Table 2: Risk factors
Age 80 years or more
Maternal history of hip fracture
Any fracture since age of 50
Fair, poor, or very poor health
Previous hyperthyroidism
Anticonvulsant therapy
Current weight less than at age 25
Height at age 25 168 cm or more
More than 2 cups of coffee a day
On feet less than 4 hours a day
No walking for exercise
Unable to rise from chair without using arms
Lowest quartile of depth perception
Lowest quartile of contrast sensitivity
Resting pulse above 80 per minute

These were combined with the bone density at the heel to demonstrate just how some women could be identified at being particularly at risk. Fifteen percent of women had at least five risk factors, and had an incidence of hip fracture of 19 per 1000 woman years - or about a 2% risk every year. The 47% of women with two or fewer risk factors had a risk of 1 per 1000 woman years - or about 0.1% a year. When combined with bone density the risks were increased even further with those with the lowest bone density (Figure 2 ).

Figure 2: Interaction between risk factors for hip fracture and bone density

So what can we do?

It comes down to preventing hip fractures and preventing falls. For hip fractures the targets for interventions are shown in Figure 3. For people with skeletal problems, there are a number of therapeutic interventions - from bisphosphonates, to hormone replacement therapy, to the use of hip protectors, though exercise may be of importance also. The key is to identify those people most at risk.

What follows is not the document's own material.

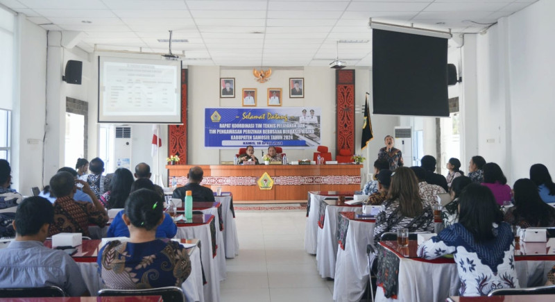 Samosir, indonesiaclik com ll , Pemerintah Kabupaten Samosir menggelar Rapat Koordinasi yang melibatkan Tim Teknis Pelayanan dan Tim Pengawasan Perizinan Berusaha Berbasis Risiko. Rakor dibuka oleh Bupati Samosir diwakili Plh. Sekretaris Daerah Marudut Tua Sitinjak didampingi Asisten II Hotraja Sitanggang, dan Kadis PMPTSP Pilippi Simarmata di Aula Kantor Bupati Samosir, Kamis (18/4).
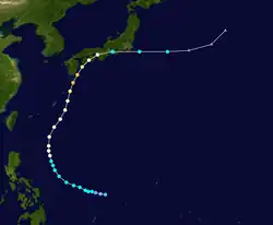 A disturbance was first noted in the vicinity of Micronesia on June 17 approximately 400 km (250 mi) south of Guam. Aircraft traversing between Guam and the Philippines eventually confirmed the presence of a developing tropical depression by June 25, tracking towards the west.[7] By the following day, the system had strengthened into a tropical storm. The system curved towards the north by June 28 and had begun to trend towards the northeast thereafter, gradually strengthening to a typhoon by 18:00 UTC that day. The storm continued to accelerate towards the northeast, passing just east of the Ryukyu Islands on June 30 before reaching peak intensity offshore Kyushu with maximum sustained winds of 185 km/h (115 mph) and a central pressure estimated at 975 mbar (975 hPa; 28.8 inHg). Kate weakened slightly before making landfall the following day on Shikoku with winds of 170 km/h (110 mph).[16] The typhoon curved eastward and continued to weaken, tracking through Sagami Bay and emerging over the Pacific Ocean on July 2 as a tropical storm.[7][16] Kate transitioned into an extratropical cyclone and would later dissipate the following day.[17]

Figure 3: Targets for reducing hip fracture rates in women

There is a Cochrane review of interventions to reduce the incidence of falling in the elderly [3]. This showed, on a limited number of trials with about 500 patients, that exercise alone or in conjunction with a health education programme were ineffective in protecting against falling. There was some evidence that interventions targeting multiple identified risk factors in individual patients might be effective.

Another important area to examine is that of prescribed drugs. What appears to be the first of a series of drugs and falls in over 60s [4] identifies many classes of psychotropic drugs as having an association with falls in non-randomised studies. Though frustratingly without any data other than odds ratios and relative risks, it reported that falls were common. For instance, in seven prospective studies of community-dwelling older people the annual incidence of falls ranged between 29% and 52%, and in two long-term studies looking at psychotropics the incidence of falls over six months was 58%.

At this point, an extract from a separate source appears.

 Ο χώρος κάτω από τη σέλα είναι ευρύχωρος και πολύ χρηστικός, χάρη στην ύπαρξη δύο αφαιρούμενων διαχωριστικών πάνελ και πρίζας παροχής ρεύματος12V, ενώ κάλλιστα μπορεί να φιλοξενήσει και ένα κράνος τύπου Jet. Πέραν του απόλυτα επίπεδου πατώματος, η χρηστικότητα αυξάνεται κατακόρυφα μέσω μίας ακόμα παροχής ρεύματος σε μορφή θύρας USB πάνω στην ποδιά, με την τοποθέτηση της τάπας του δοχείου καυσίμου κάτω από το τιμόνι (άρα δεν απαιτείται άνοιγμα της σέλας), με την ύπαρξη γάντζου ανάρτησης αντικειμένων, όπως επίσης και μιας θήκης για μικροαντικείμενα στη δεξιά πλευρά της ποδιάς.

We know that many drugs - antihypertensives, for instance, may have dizziness as an adverse effect. It is likely that many of the medicines prescribed for older people for very good reasons may contribute to falls - an additional source of harm.

So no simple answer, but much food for thought. Bandolier would love to know of any practical studies which have set out to reduce falls in older people at particularly high risk, apart from that in Bandolier 20 . A recent report [5] suggests that screening for fall-related risk factors need take only about five minutes. These, though, are for women. Falls and hip fractures in men could do with some more attention to derive risk factors for them, also.


  1. B Allolio. Risk factors for hip fracture not related to bone mass and their therapeutic implications. Osteoporosis International 1999 Suppl 2: S9-S16.
  2. SR Cummings et al. Risk factors for hip fracture in white women. New England Journal of Medicine 1995 332: 767-73.
  3. LD Gillespie et al. Interventions to reduce the incidence of falling in the elderly. Cochrane Library 1998 issue 3.
  4. RM Leipzig et al. Drugs and falls in older people: a systematic review and meta-analysis: I. Psychotropic drugs. Journal of the American Geriatric Society 1999 47: 30-39.
  5. G Duward et al. Detection of risk of falling and hip fracture in women referred for bone densitometry. Lancet 1999 354: 220-1.
See also:
Gillespie LD, Gillespie WJ, Cumming R, Lamb SE, Rowe BH. Interventions for preventing falls in the elderly (Cochrane Review). In: The Cochrane Library, Issue 3, 1999.
Parker MJ, Gillespie LD, Gillespie WJ. Hip protectors for preventing hip fractures in the elderly (Cochrane Review). In: The Cochrane Library, Issue 3, 1999.